Giant cell tumor of bone: review, mimics, and new developments in treatment.

机构信息

Department of Radiology, Keck School of Medicine, University of Southern California, 1500 San Pablo St, 2nd Floor Imaging, Los Angeles, CA 90033-5313, USA.

出版信息

Radiographics. 2013 Jan-Feb;33(1):197-211. doi: 10.1148/rg.331125089.

DOI:10.1148/rg.331125089
PMID:23322837
Abstract

Giant cell tumor (GCT) of bone is generally a benign tumor composed of mononuclear stromal cells and characteristic multinucleated giant cells that exhibit osteoclastic activity.

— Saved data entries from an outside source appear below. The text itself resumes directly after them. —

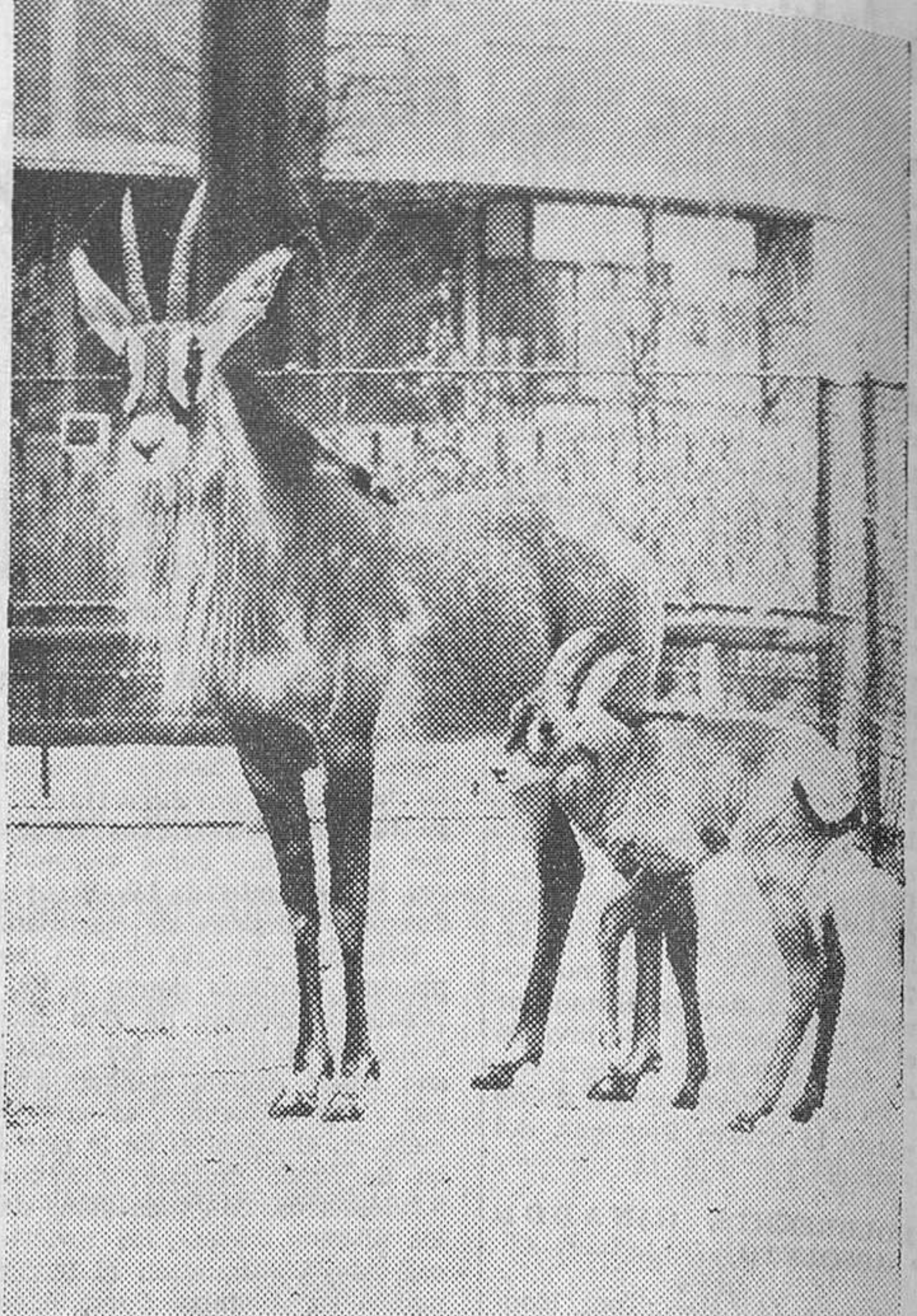
Hannóver. — Este bebé animadísimo de antílopes de caballo no sospecha que representa una sensación zoológica. Es el primer ejemplar de su género que nació en el cautiverio, o sea en el jardín zoológico de la ciudad ferial de Hannóver. Sus padres se importaron hace dos años y medio de África y se aclimataron asombrosamente. El pequeño y sus padres son ahora la atracción principal del zoológico.
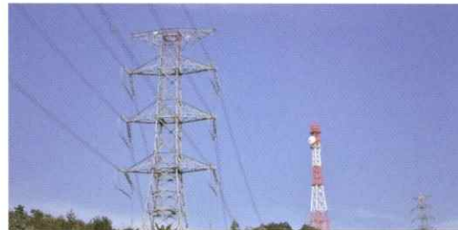
送電設備の一部を活用した災害に強い光中継網

お客さまの大切な情報を守る、EneWings広島データセンターなど、強固なセキュリティと充実した設備、確かな技術でサービスを支えています。
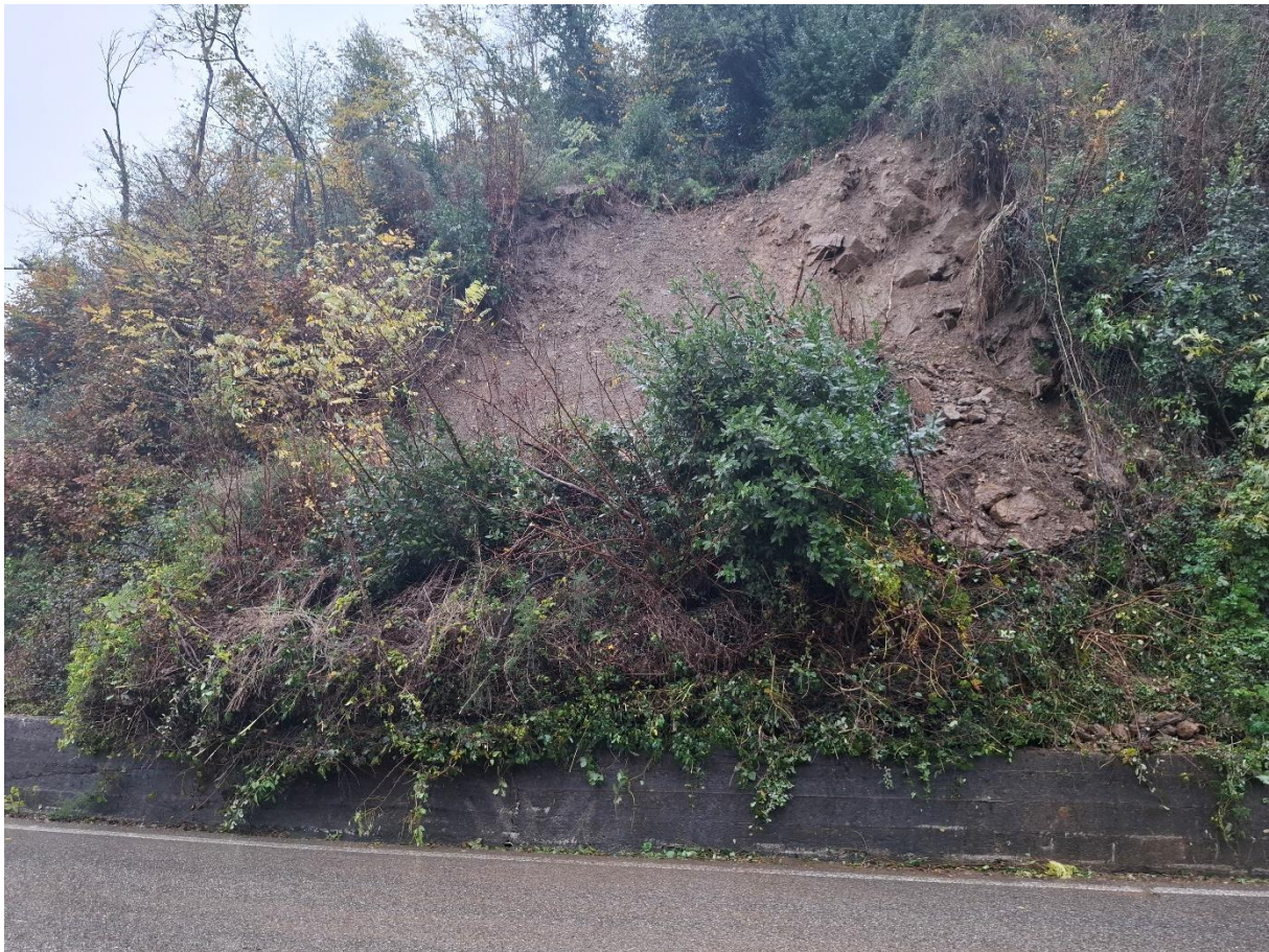
Figura 4: Visione frontale dello smottamento al km 1+900 ca.
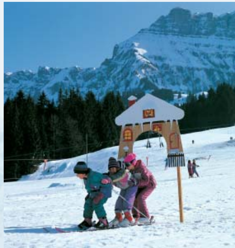
Kinderskiplausch. Des enfants ravis. Nursery slopes for the kids.

Skifahren , Langlaufen, Wandern und Verweilen: Die Region Schangnau – Bumbach – Kemmeriboden bietet im Winter vieles. Drei grosse Skilifte und ein Trainingslift erschliessen verschiedene Skigelände, die allen Ansprüchen gerecht werden. Die gut präparierten Pisten sind für Skifahrer und Snowboarder geeignet. Für Langläufer und Skiwanderer gibt es eine 10 km lange, gespurte und gepflegte Loipe entlang der Emme. Geniessen kann man nicht nur die wunderbare Umgebung. Die währschaften Gasthöfe laden ein zum Verweilen – zum Beispiel bei einer berühmten Meringue aus dem Schangnau. Auch für Verpflegung und Übernachtung lässt das Angebot keine Wünsche offen: Hotels, Restaurants , ganzjähriges Camping, Ferienwohnungen und -häuser bieten sich an.
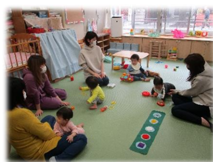
利用者同士で情報交換やひろばの相談員が育児について相談を受けています
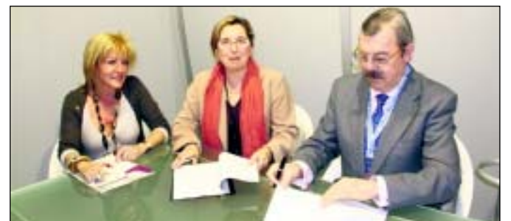
El convenio se firmó durante la celebración de la pasada edición de Fitur.

Por medio de este convenio, OPC Andalucía se compromete a que durante la celebración de los diferentes eventos que organice, la marca "RENFE" ocupará un lugar destacado, relevante y visible en todos aquellos soportes publicitarios que se utilicen. Por su parte, RENFE-AVE ofrecerá un descuento en todos los trenes de viajeros de Alta Velocidad-Larga Distancia, Alta Velocidad-Media Distancia y Cercanías-Media Distancia Convencional del 30% sobre el precio de la tarifa general vigente en cada momento y en los eventos que los miembros de la asociación organicen.
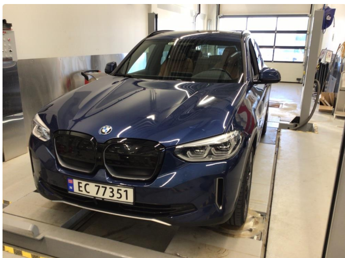
1.1 Vaske riper rundt om på bil, bedre en normalt for år/km.
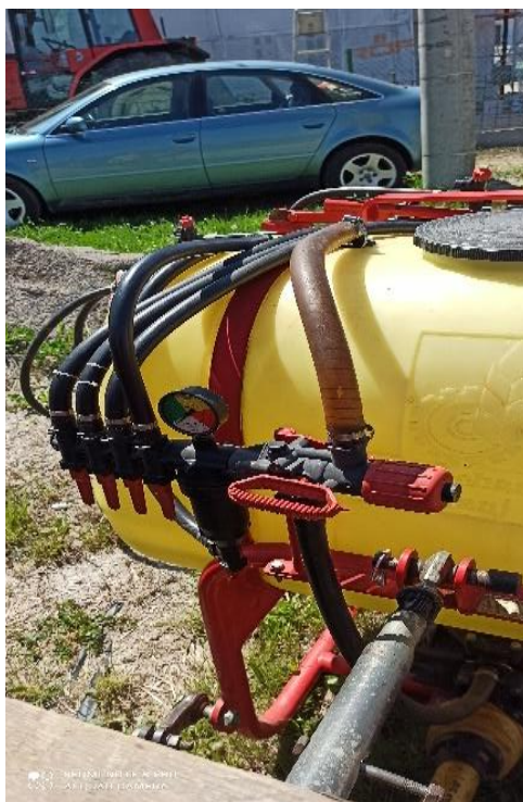
Slika 5. Regulator tlaka sa manometrom
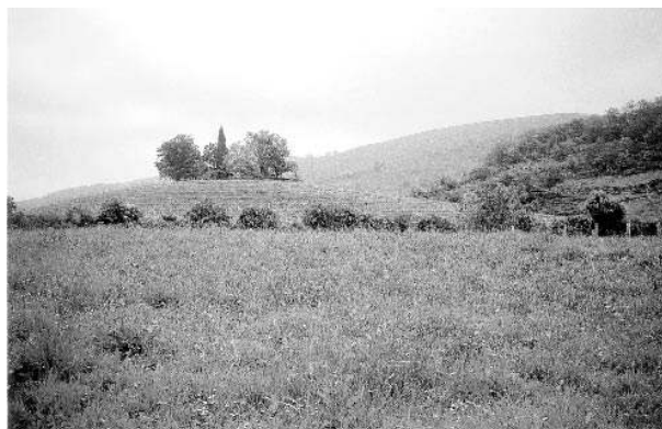
Photo 6. Motte féodale d'Irulegi -Basse Navarre-.

Néanmoins, il observe «l'analogie d' irulegi avec les noms Irun , Irunberri etc...» et n'écarter pas l'hypothèse que ce serait le nom très ancien de la butte sur laquelle était la Salle » (photo 6).
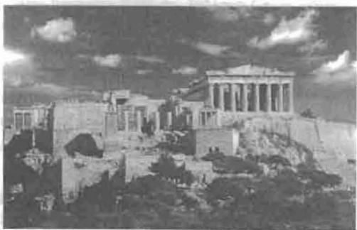
Εικόνα 7. Κάρτα που αγόρασε ο συγγραφέας στην είσοδο της Ακρόπολης τον Ιούνιο του 2007.
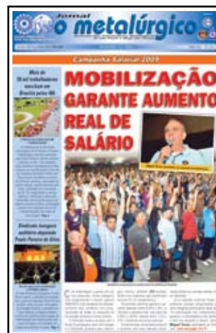
Jornal do Sindicato: recursos contribuem para o informativo da categoria
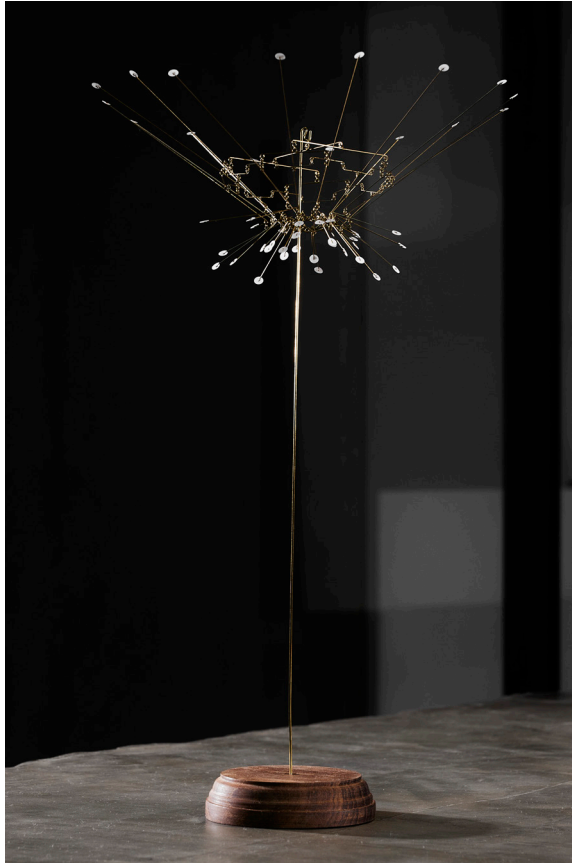
Untitled 6 Object, 2023 Brass, paper thread, teak wood
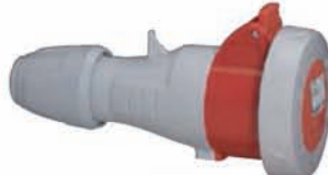
555418 MOBILE SOCKET
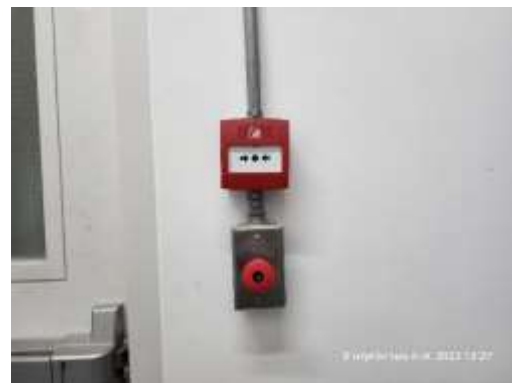
รูปที่ 22 อุปกรณ์และระบบป้องกันอัคคีภัย
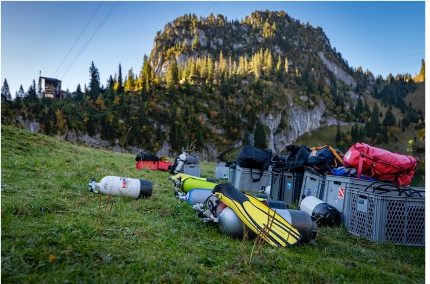
Zahlreiche Pressluftflaschen oder auch Flossen mussten mit der Seilbahn zum Bergsee befördert werden.
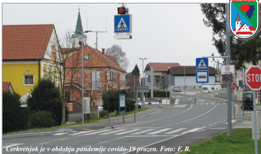
Cerkevňjak je v obdobju pãndemije covida-19 prãzen.
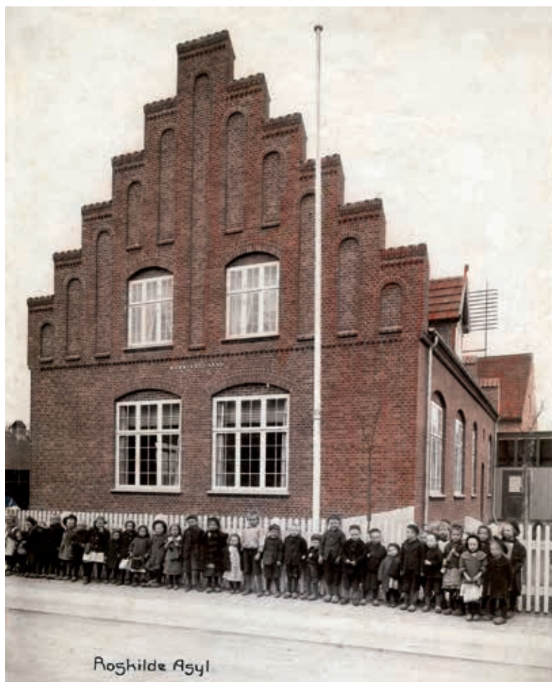
Asylbørnene opstillet foran det nye børneasyl, Bredgade 4.

It usually develops in long bones but can occur in unusual locations. The typical appearance is a lytic lesion with a well-defined but nonsclerotic margin that is eccentric in location, extends near the articular surface, and occurs in patients with closed physes. However, GCT may have aggressive features, including cortical expansion or destruction with a soft-tissue component. Fluid-fluid levels, consistent with secondary formation of aneurysmal bone cysts, are seen in 14% of cases. GCT can mimic or be mimicked by other benign or malignant lesions at both radiologic evaluation and histologic analysis. Rarely, GCT is associated with histologically benign lung metastases or undergoes malignant degeneration. In the past, the mainstay of treatment was surgical, primarily consisting of curettage with cement placement, with recurrence rates of 15%-25%. Recurrence is suggested by development of progressive lucency at the cement-bone interface. Other complications include pathologic fracture and postoperative infection. Denosumab, a monoclonal antibody that targets the osteoclastic activity of GCT, has produced 90% tumor necrosis in early studies, results indicative of promise as a potential adjuvant therapy.

摘要

骨巨细胞瘤(GCT)通常是一种良性肿瘤,由单核基质细胞和特征性多核巨细胞组成,具有破骨细胞活性。它通常发生在长骨,但也可能发生在不寻常的部位。典型的表现是溶骨性病变,边界清晰但非硬化,位置偏心,靠近关节面延伸,发生在骨骺闭合的患者中。然而,GCT 可能具有侵袭性特征,包括皮质膨胀或破坏伴软组织成分。14%的病例可见液-液平面,符合动脉瘤样骨囊肿的继发性形成。GCT 在影像学评估和组织学分析中既可以模拟其他良性或恶性病变,也可以被其他良性或恶性病变模拟。罕见情况下,GCT 与组织学良性肺转移有关或发生恶性转化。过去,主要的治疗方法是手术,主要是刮除并用水泥填充,复发率为 15%-25%。水泥-骨界面逐渐出现透光提示复发。其他并发症包括病理性骨折和术后感染。地舒单抗是一种针对 GCT 破骨细胞活性的单克隆抗体,在早期研究中产生了 90%的肿瘤坏死,这表明它有望成为一种潜在的辅助治疗方法。